→ The task: Output, exactly as written, the lines below starting at the line containing "Construcción y Mejoramiento" and ending at the line containing "Michel Petit architecte". Drop the pictures and keep both end lines.

→ Data:
◇ ◇ ◇

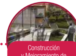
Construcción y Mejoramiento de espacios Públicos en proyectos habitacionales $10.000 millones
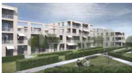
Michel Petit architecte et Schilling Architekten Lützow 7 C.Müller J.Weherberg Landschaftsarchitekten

◇ ◇ ◇

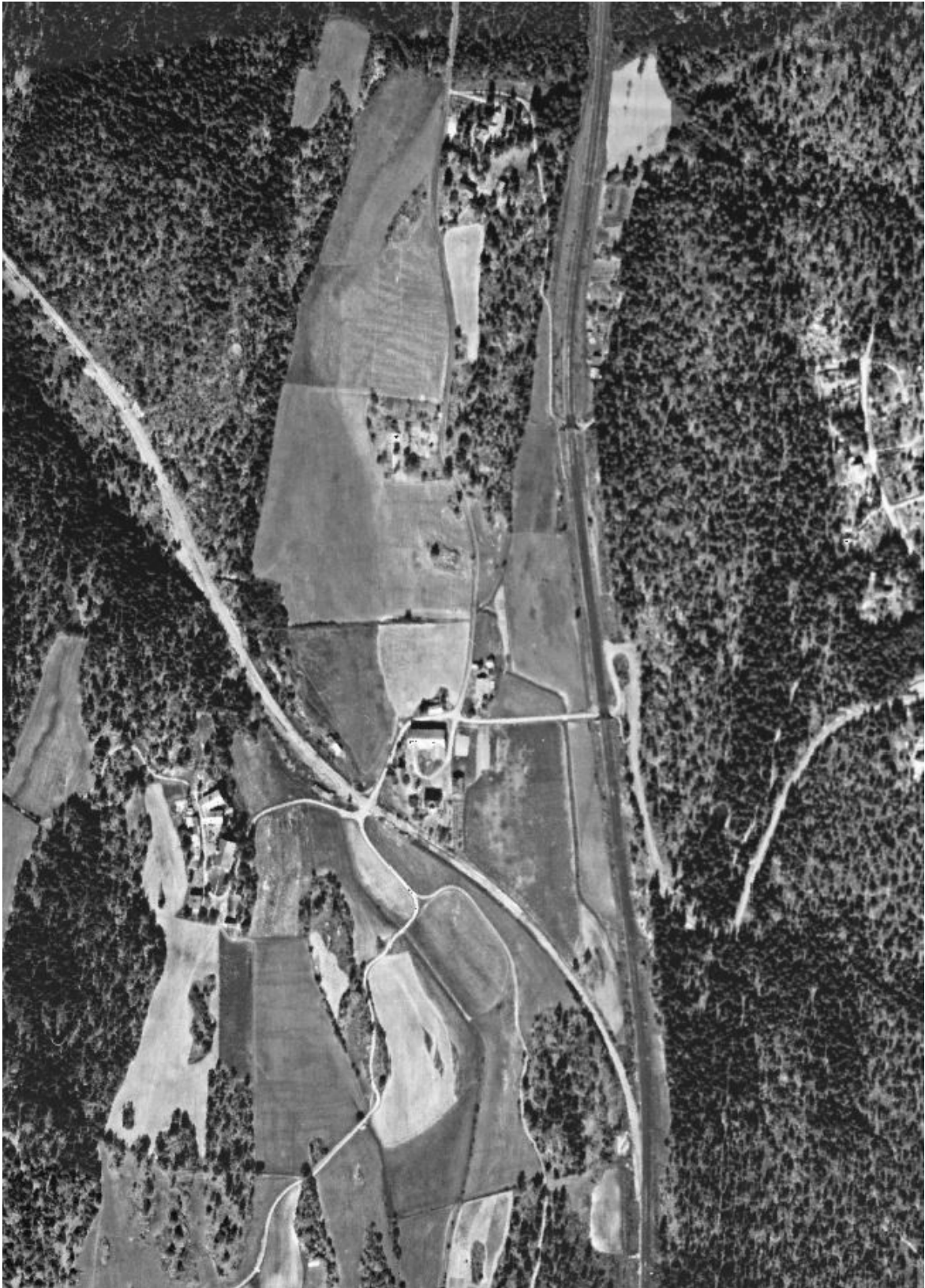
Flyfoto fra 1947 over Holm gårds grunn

◇ ◇ ◇

→ Task output:
Construcción y Mejoramiento de espacios Públicos en proyectos habitacionales $10.000 millones
Michel Petit architecte et Schilling Architekten Lützow 7 C.Müller J.Weherberg Landschaftsarchitekten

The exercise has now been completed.